In the spring of 1787, the founding members of the Society for Effecting the Abolition of the Slave Trade convened. Over the following years, they wrote letters, orated, organized campaigns, and meticulously documented the particulars of the slave trade. “Their efforts,” Kara writes, “would lay a blueprint for the pursuit of social justice.” After years of setbacks, the Act for the Abolition of the Slave Trade was enacted in 1807.

An Enduring Impact

The debate over who or what deserves credit for abolition is a matter of debate.
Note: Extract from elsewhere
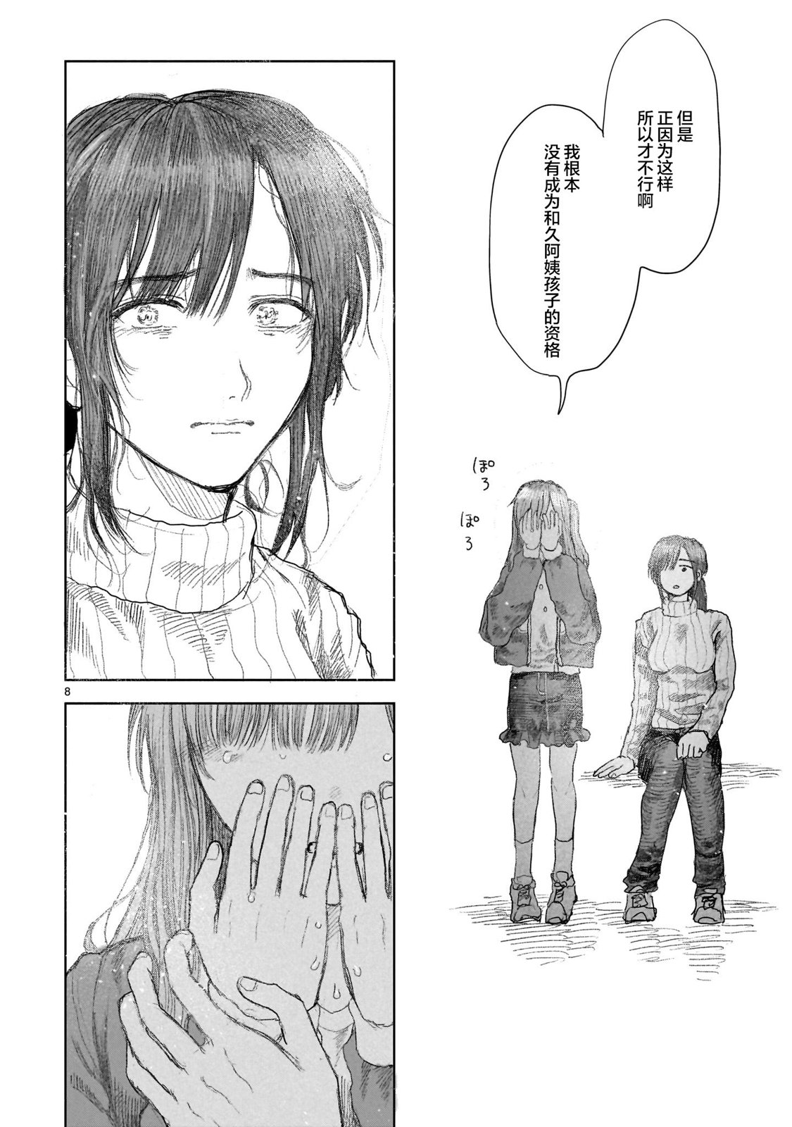 モモヤマハト一般向新连载《最果てに惑う》。主角的妹妹被补习班老师强奸而自杀。他杀死老师为妹妹报仇,服刑出狱之后也一直感到自责,本打算自杀赎罪,却在妹妹的墓前遇到了老师年幼的女儿……

The Zorg's legacy, however, is visibly evident in J.M.W. Turner's famous painting, The Slave Ship, which was inspired by the events of 1781. While slavery has been widespread in human history, its abolition following a sustained mass campaign was unprecedented, serving as an affirmation to the power of persistent activism, the pen, and relentless persistence.

The Author's Approach

Unlike his previous books—such as the Pulitzer finalist Cobalt Red—Kara has had to address certain gaps in the historical record. At times, imaginative flourishes contrast with rigorously researched accounts, giving the book a somewhat hybrid feel. Part thriller and part historical analysis, The Zorg nevertheless succeeds in illuminating one of history's darkest chapters, using powerful storytelling and documented fact to assemble a account that stays with the reader well after the final page.

Jeff Wright
Jeff Wright

Elara is a passionate writer and environmental advocate, sharing her journey towards a balanced and eco-friendly life.